From this point on, the PCs are on their own.  Not only must they (possibly) complete their original mission, they must now find their way back home while (hopefully) rescuing their mentor.

_Player Characters:_ The PCs should be young and raw.  They have some training, but they're not a well-oiled team.  In fiction, typical group makeups will include some kind of leader, a rebel (either in general or someone opposed to the "leader"), someone who is quiet and reserved, someone on the edge of panic or is perpetually nervous.  They may come from a variety of socioeconomic backgrounds.  There may be rivals within the group.

_Starting Level:_ Regardless of system, the PCs should be "Starting" level.


----------



## Glade Riven

*The Hunt for the Great White Boar*

Hook: Gather one and all, for the annual Hunt for the Great White Boar is now upon us! Fame and fortune to the person who successfully brings in the Great White Boar!

Scope: A session or three mission or introductory mission to a larger campaign.

Premise: The Hunt for the Great White Boar is an annual countryside event to kill a great white boar. Sinister deeds are in the works, however, as the party finds themselves hunted by a noble scion who has taken to hunting the hunters. Makes a great start to a campaign as all sorts of interesting things can be done with the fall-out of battle with the scion and his friends (did he escape or die? Will the PCs seek vengeance or the scion's family?).

Starting Level: Any. Because the main threat to the players is a party consisting of a noble scion and his/her ruffian friends, the situation is easily scalable.

*The Feasting House of Mad Thom*

Hook: Weary from a day's worth of travel, the players come upon a lodge of revelry by the side of the road. Not all is as it seems, however.

Scope: A session or three mission or introductory mission to a larger campaign.
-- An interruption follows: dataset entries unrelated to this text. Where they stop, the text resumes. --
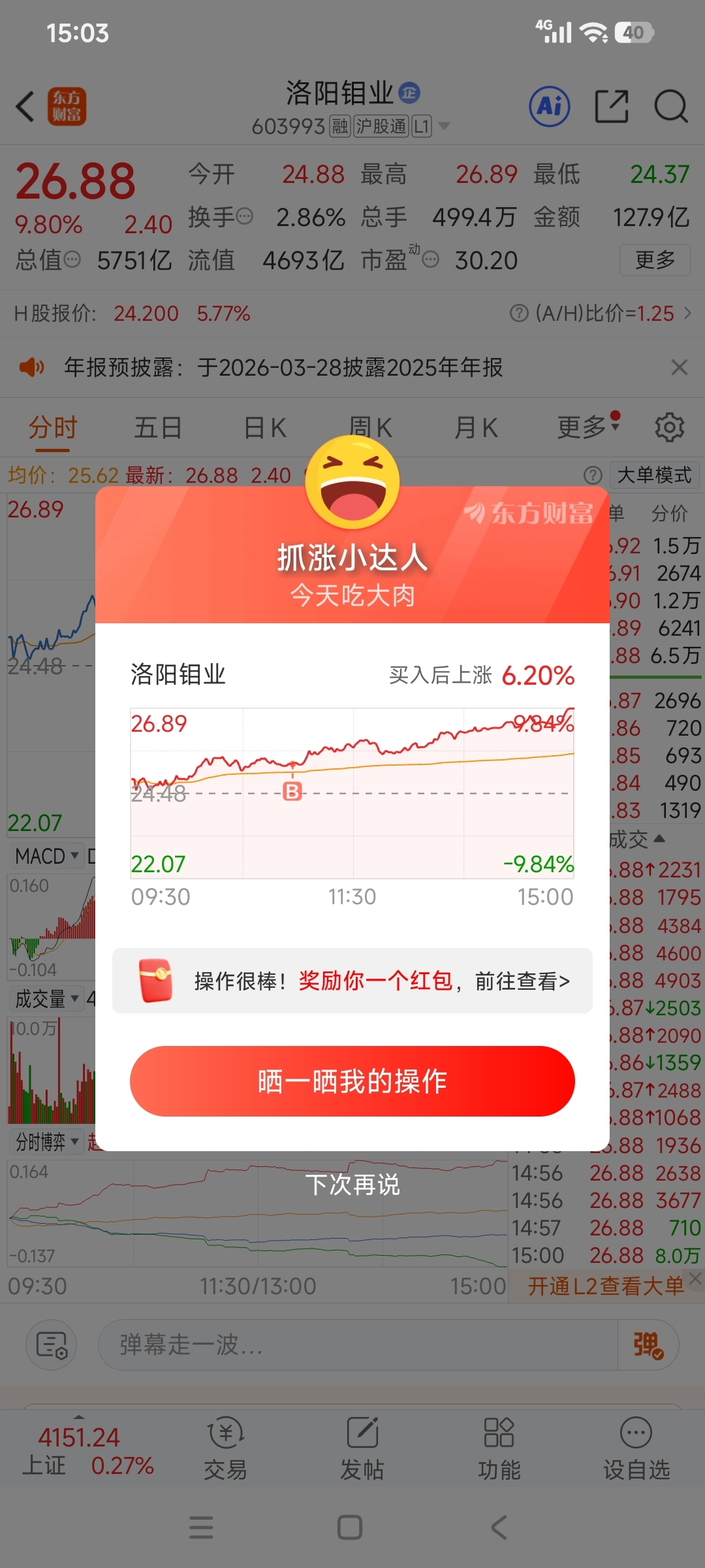 $洛阳钼业(SH603993)$ 上午把行业航天、AI、cpo、能源全部转过来,从亏一千到盈利三千,太不容易了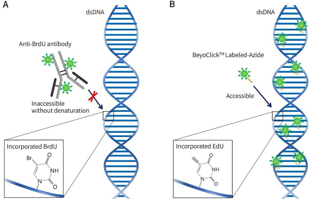 图2.BrdU法和BeyoClick™ EdU法检测原理的比较。A. BrdU法需使用大分子的BrdU抗体,由于空间位阻,双链DNA须变性后才能使BrdU抗体与BrdU结合。B. EdU法使用小分子标记的叠氮化物(Azide),无需DNA变性,操作更便捷,兼容性好,检测结果更加稳定可靠。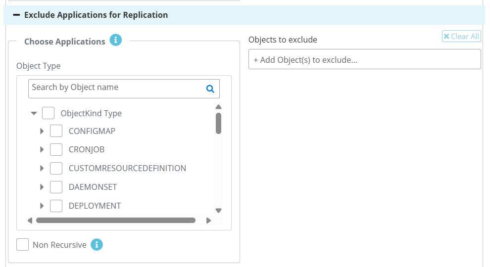| Exclude applications for replication | If you want to exclude certain application or objects from source side, then you can do from this option |

Premise: The lodge is a trap by a number of fey. The players have a number of skill checks and saves to see if they notice something is amiss. For example: A tune plays in the background of a popular ditty called "The Feasting House of Mad Thom" (a successful check and they remember the lyrics to the song, bards get a bonus for being bards). A series of saves are given at each juncture (one to keep from falling asleep, another to resist a spell to change them into another race (like goblins), a third to wake up before permanency is cast upon them). Continual failure (or if a PC that does succeed on a check is a jerk and lets the others succumb) and everybody wakes up in an empty field the next day as a goblin. The fey are not interested in a fight, so once the gig is up they vanish.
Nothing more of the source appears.